Pour l’instant, les luxueuses maisons du front de mer avaient été épargnées
mais, si le feu n’avait pas raison d’elles, un tremblement de terre s’en
chargerait un jour.
Peut-être était-ce cette constante menace de fin du monde qui rendait les
Californiens tellement ouverts et amicaux. Ils vivaient sur une faille, et tout
pouvait s’écrouler d’un moment à l’autre. Leurs rêves et leur vie. Et ça leur
donnait envie de profiter à fond de chaque instant.
Et aujourd’hui, en dépit du feu et des mines catastrophées des présentateurs
de télés locales, tout était comme d’habitude sur Hollywood Boulevard. Les bus
touristiques ne cessaient de défiler. Des acteurs au chômage déguisés en Shrek,
R2D2 ou Superman harcelaient les touristes pour des photos.
Et c’est au milieu de cette agitation qu’Aster apparut, tremblant de tous ses
membres. Elle se précipita sur Layla en lui agitant son téléphone sous le nez.
— C’est toi qui as fait ça, hein, c’est toi ?

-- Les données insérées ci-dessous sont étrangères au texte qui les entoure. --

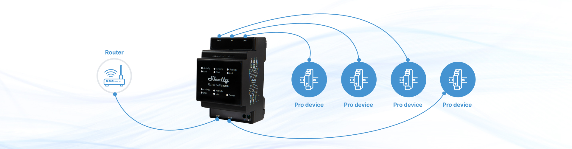 Shelly LAN Switch provides a straightforward solution for reliable connection without the need for extensive electrical modifications. Now, you only need 1 LAN cable inside your breaker box to connect your devices! Its shared form-factor with our Pro line devices ensures it fits perfectly in a Shelly-occupied breaker box, simplifying installation and maintaining an organized setup.

Layla acquiesça, affrontant sans un tressaillement cette Aster en furie et
menaçante.
— Tu avais promis de te taire, mais tu es allée droit à Trena Moretti pour
lui raconter tous mes secrets.
Aster semblait réellement folle de rage, et sa hargne était si palpable que
Tommy songea que dans quelques secondes il allait devoir intervenir pour
l’empêcher de frapper Layla. Malheureusement, il n’était pas certain d’être à la
hauteur de la tâche avec cette chaleur qui le rendait léthargique et l’air chargé
de fumée qui gênait sa respiration. Il se demanda s’il n’allait pas solliciter
l’aide du Hulk qui officiait un peu plus loin.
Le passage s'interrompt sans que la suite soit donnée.